Proselytizing Atheists are easily spotted.

They appear to have read the Bible, although of course they haven’t.  What they have read is a list of choice quotes, probably on a website or in a Richard Dawkins book, together with an interpretation that makes them appear to be out of step with current secularist thinking.  Yes.  A series of books thousands of years old written in a particular historical context (which they overlook) doesn’t agree with current secularist thinking.  It’s such a surprise.  Not.  The books of the New Testament were written almost 2000 years ago and related to a new and, at the time, quite radical change of belief system.  As such, many parts of it, don’t try to rock the boat against the society of the time too much.  Maybe there’s a lesson there.  The books of the Old Testament were written thousands of years previously.  Part of this, Leviticus, contains various rules.  They also excite the Secularists rather a lot.  I’ll come back to Leviticus.

They tend to claim they embrace freedom of religion, although their language suggests they don’t.  They will, at some point, mention at least one of Sky Fairies or Spaghetti Monsters.  Embracing freedom implies an inherent respect for others, denigrating the beliefs of others doesn’t imply a great deal of respect.  They do of course demand respect for themselves.  As a person of faith you must respect them and if you deign to suggest that their language is at best rude or you return an insult then they may get a bit mouthy with you.

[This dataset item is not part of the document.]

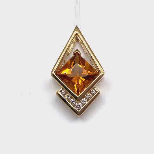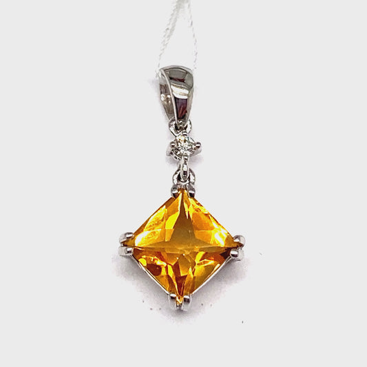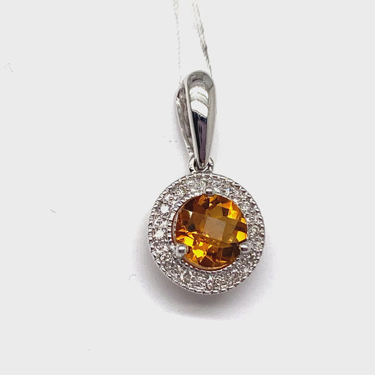 14K WHITE GOLD CITRINE & DIAMOND ACCENT PENDANT 1.00 CT

They seem to know better than those of faith what belief in a particular religion entails.  In this way they are much like people who hate Islam with their precious quotes from the Koran, they “know” a bunch of rules (mainly  from Leviticus) and say that if religious people aren’t following them then they can’t be very religious or they can’t be truly religious.  What they fail to understand is that Christianity (and Judaism and Islam who share Leviticus in one form or another) are all broad churches.  As are atheism and secularism.  Not all believe in the same way, there’s the obvious split between Catholicism and Protestantism for a start.  So, just as not all secularists are wont to jump down the throats of religionists, not all religionists are wont to reciprocate.  Leviticus is thousands of years old, originally it was a part of Judaism, latterly it’s used in part by some branches of Christianity, a lot of it relates to the laws of a people who lived in a desert climate.  Jesus himself broke aspects of Leviticus, that’s one reason why the Jewish authorities took exception to him.  Why do some parts of Christianity follow some parts of it and not others?  Times change and various parts of various Christian churches have changed with time.  Secularists will often recognise that Christianity has adapted its festivals over the centuries but seem curiously blind to the idea that it might have adapted in other ways too.  They often take this variance of degrees by which people abide by these rules as another justification to remove religion altogether from life.

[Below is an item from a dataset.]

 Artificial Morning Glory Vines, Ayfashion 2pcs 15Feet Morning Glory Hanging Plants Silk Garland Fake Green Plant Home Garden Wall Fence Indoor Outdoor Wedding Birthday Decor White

Which brings me to ask just what do they really want?  They seem to say that they want to separate church and state, but many by their actions and for all their talk of freedom of religion actually seem to want a total removal of religion from all public life for all people, regardless of their faith or lack of it.  They’ll do whatever it takes to try to force their point of view on society and in doing so they’ll shout and push until they’ve persuaded or silenced all opposition and they have an apparent majority that is converted to their “cause”.  Curiously one charge they make against religion is that it won’t listen to opposition and runs roughshod over it, as Midtown sang “you’ve become everything that you had hated”.

Of course any such that run across this blog will accuse me of doing the same with the moderation policy, but well, fuck ’em.